- **Data for processing**
######
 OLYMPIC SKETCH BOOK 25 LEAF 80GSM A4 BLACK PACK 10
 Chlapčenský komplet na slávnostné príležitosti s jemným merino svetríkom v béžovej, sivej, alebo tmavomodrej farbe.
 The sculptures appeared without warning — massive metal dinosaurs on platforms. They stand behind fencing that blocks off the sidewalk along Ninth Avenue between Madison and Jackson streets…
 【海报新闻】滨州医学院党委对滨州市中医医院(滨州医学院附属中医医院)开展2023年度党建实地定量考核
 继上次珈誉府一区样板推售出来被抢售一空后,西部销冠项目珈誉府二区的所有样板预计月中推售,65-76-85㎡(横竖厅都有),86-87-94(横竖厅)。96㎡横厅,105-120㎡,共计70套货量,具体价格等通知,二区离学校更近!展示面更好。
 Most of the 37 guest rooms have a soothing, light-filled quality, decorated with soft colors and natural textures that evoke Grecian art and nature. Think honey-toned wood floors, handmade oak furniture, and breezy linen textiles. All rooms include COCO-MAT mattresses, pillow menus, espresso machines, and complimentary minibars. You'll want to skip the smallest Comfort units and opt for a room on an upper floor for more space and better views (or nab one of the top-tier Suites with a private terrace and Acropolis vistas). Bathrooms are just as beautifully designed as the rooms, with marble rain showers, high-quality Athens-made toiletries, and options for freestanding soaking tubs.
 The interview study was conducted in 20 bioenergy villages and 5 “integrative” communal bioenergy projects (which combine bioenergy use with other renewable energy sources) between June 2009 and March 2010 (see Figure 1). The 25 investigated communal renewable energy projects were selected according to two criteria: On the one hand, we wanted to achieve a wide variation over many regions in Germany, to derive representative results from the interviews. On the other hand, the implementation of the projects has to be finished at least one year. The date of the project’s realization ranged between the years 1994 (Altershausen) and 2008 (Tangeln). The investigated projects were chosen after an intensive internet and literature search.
######
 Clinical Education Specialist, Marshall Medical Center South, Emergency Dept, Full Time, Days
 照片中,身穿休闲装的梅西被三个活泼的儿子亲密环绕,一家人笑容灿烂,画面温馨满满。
######
- **Assignment**
The entries above hold a line with "The sculptures appeared" and a later line with "The interview study". Write out exactly those lines and all lines between, nothing more.

- **Result below**
 The sculptures appeared without warning — massive metal dinosaurs on platforms. They stand behind fencing that blocks off the sidewalk along Ninth Avenue between Madison and Jackson streets…
 【海报新闻】滨州医学院党委对滨州市中医医院(滨州医学院附属中医医院)开展2023年度党建实地定量考核
 继上次珈誉府一区样板推售出来被抢售一空后,西部销冠项目珈誉府二区的所有样板预计月中推售,65-76-85㎡(横竖厅都有),86-87-94(横竖厅)。96㎡横厅,105-120㎡,共计70套货量,具体价格等通知,二区离学校更近!展示面更好。
 Most of the 37 guest rooms have a soothing, light-filled quality, decorated with soft colors and natural textures that evoke Grecian art and nature. Think honey-toned wood floors, handmade oak furniture, and breezy linen textiles. All rooms include COCO-MAT mattresses, pillow menus, espresso machines, and complimentary minibars. You'll want to skip the smallest Comfort units and opt for a room on an upper floor for more space and better views (or nab one of the top-tier Suites with a private terrace and Acropolis vistas). Bathrooms are just as beautifully designed as the rooms, with marble rain showers, high-quality Athens-made toiletries, and options for freestanding soaking tubs.
 The interview study was conducted in 20 bioenergy villages and 5 “integrative” communal bioenergy projects (which combine bioenergy use with other renewable energy sources) between June 2009 and March 2010 (see Figure 1). The 25 investigated communal renewable energy projects were selected according to two criteria: On the one hand, we wanted to achieve a wide variation over many regions in Germany, to derive representative results from the interviews. On the other hand, the implementation of the projects has to be finished at least one year. The date of the project’s realization ranged between the years 1994 (Altershausen) and 2008 (Tangeln). The investigated projects were chosen after an intensive internet and literature search.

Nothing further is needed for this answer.